Некоторое время, будучи не в силах полюбить себя и напуганная угрозой исключения, я искала убежища в чрезвычайно гендерно-дифференцированной идентичности. Я играла покорную подружку, идеальную дочь. Я была полумертва, но это не имело значения, это было даже вполне удобно и по-домашнему. Я была полна решимости показать окружающим меня мужчинам, что я усвоила урок; я больше не буду притворяться, что моя жизнь важна, и я буду готова служить им. В то же время, пока я играла роль этой покладистой личности, укрывшись в своём бункере женственности, я уже начинала перестраивать себя и точила ножи. Втайне я снова начала хорошо учиться, втайне я начала понимать, что больше не хочу, чтобы кто-то думал за меня, втайне я начала чувствовать, как моё сердце бьётся и моё тело снова живёт. Когда я влюбилась в девушку и появилась возможность избежать гетеросексуальности, я недолго раздумывала и ушла без единого сожаления. Было очень приятно отказаться от своей маленькой контролёрши. Стать лесбиянкой было освобождающе. Это был переломный момент в моём реабилитационном процессе. Я наконец снова могла занять своё тело как его законная обитательница. Кроме того, я впервые смогла поговорить с кем-то, кто не подвергла сомнению жестокость того, что я испытала. Это не был очевидный путь, но, по крайней мере, это был шаг вперёд. Возможность, которая позволила мне отдышаться и начать чувствовать, что, какими бы болезненными ни были мои симптомы, они были подсказками.
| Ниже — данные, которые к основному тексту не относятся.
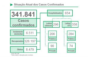 Dos 7.165 casos ativos no Estado, 654 são casos de internação, sendo 296 em leitos clínicos e 358 em leitos de UTI. A ocupação de leitos UTI SUS por macrorregião de internação é de 81% na macrorregião de Campo Grande, 65% na de Dourados, 69% na de Três Lagoas e 56% na de Corumbá.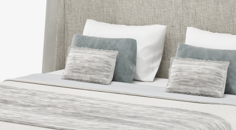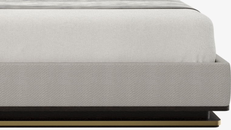 The FARIBAULT bed will be the centrepiece of your bedroom. Combining a statement linen headboard, satin wood features and brass accents, it commands attention.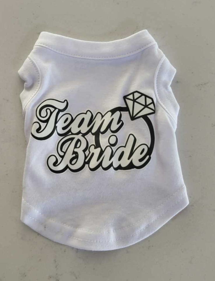 Get your furry friend ready for the big day with this adorable white dog shirt! Designed with the word "Team Bride" on it, this shirt is perfect for pets who want to show their support for the bride-to-be. Made from high-quality materials, this shirt is comfortable and durable, ensuring that your pet can wear it for any pre-wedding festivities. Whether it's a bridal shower, bachelorette party, or engagement photoshoot, this shirt will make your pet the center of attention. Get your pet in on the wedding fun with this stylish and cute dog shirt!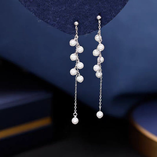 Sterling Silver Elegant Long Chain Pearl Earrings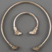 Set van 3e gehalte zilveren spangcollier en -armband, beide met twee ramskoppen, gewicht 83,3 gram, binnenmaat collier circa Ø 12 cm, binnenmaat armband circa Ø 5,5 cm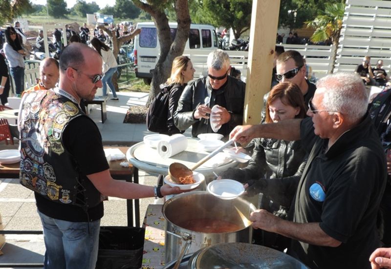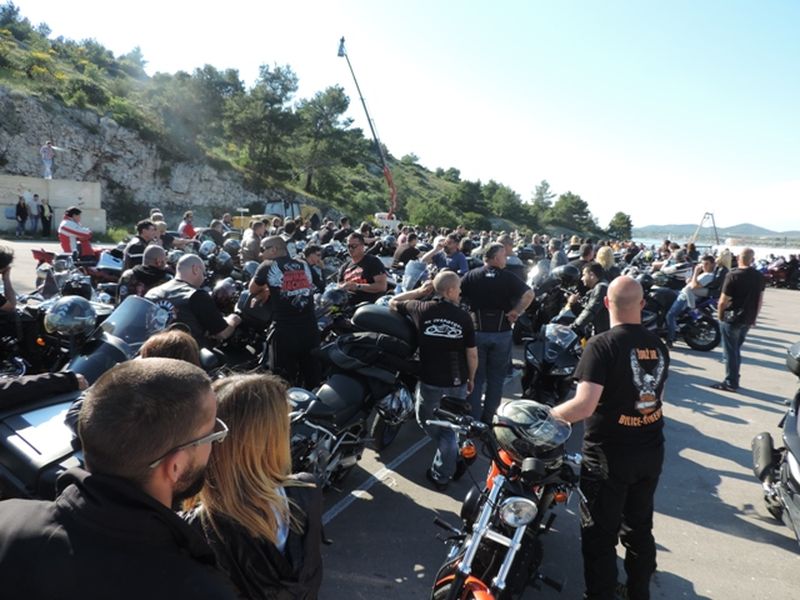 Nakon fotografiranja na Martinskoj, bajkeri su u velikom defileu prošli kroz Šibenik i zaputili se na plažu Rezalište u Brodarici gdje je za njih u bifeu No stress priređen domjenak s besplatnim grahom s kobasicama.

Теперь я поняла, что если я подверглась насилию, то это потому, что существовала система, которая позволила этому насилию произойти, и поэтому вместо того, чтобы использовать всю свою энергию, чтобы ненавидеть себя, я собиралась использовать её, чтобы изменить эту систему. И потому — огонь!

С появлением движения #MeToo всплыли тысячи историй сексуального насилия, и мы больше не могли говорить об отдельных случаях. Мы больше не могли просто сказать, что это дело рук монстров, нескольких извращённых людей, человека в тёмном переулке, как показывают в кино. Мы больше не могли игнорировать тот факт, что сексуальное насилие является одним из самых распространённых преступлений в нашем обществе. Осознание масштабов сексуального насилия было необходимым потрясением, но само по себе это не способ автоматически изменить общество. Риск затрагивания серьёзных проблем, таких, как сексуальное насилие, заключается в том, что в тот самый момент, когда оно становится неизбежным, движимое революционными силами, борющимися за более справедливое общество, его используют правые силы для защиты прямо противоположного социального видения. Конфронтация происходит уже не вокруг термина, а внутри него. Всё зависит от вашего угла зрения. Риторика власти стремится привить нам идентичности, и в терминах патриархата это означает, что мужчины и женщины одновременно непримиримо различны и дополняют друг друга, поскольку мужчины — это всё, а женщины — противоположность. Согласно этому объяснению, жестока не политическая организация мужчин, но женщины, являющиеся жертвами по своей природе. Столкнувшись с этой установленной бинарностью, цивилизация будет состоять в том, чтобы вооружать хороших мужчин для защиты женщин от плохих мужчин. Эта обусловленность, пропагандируемая значительной частью фильмов, делает политические изменения беспомощными, запирая нас в своего рода фатализме, тем самым сбивая с толку протестующие силы. Проблема уже не в существовании неэгалитарной системы, проблема в том, что есть плохие лидеры, которых нужно заменить хорошими. С этой точки зрения учёт сексуального насилия может быть частью риторики власти, имеющей тенденцию к дальнейшему укреплению патриархального порядка.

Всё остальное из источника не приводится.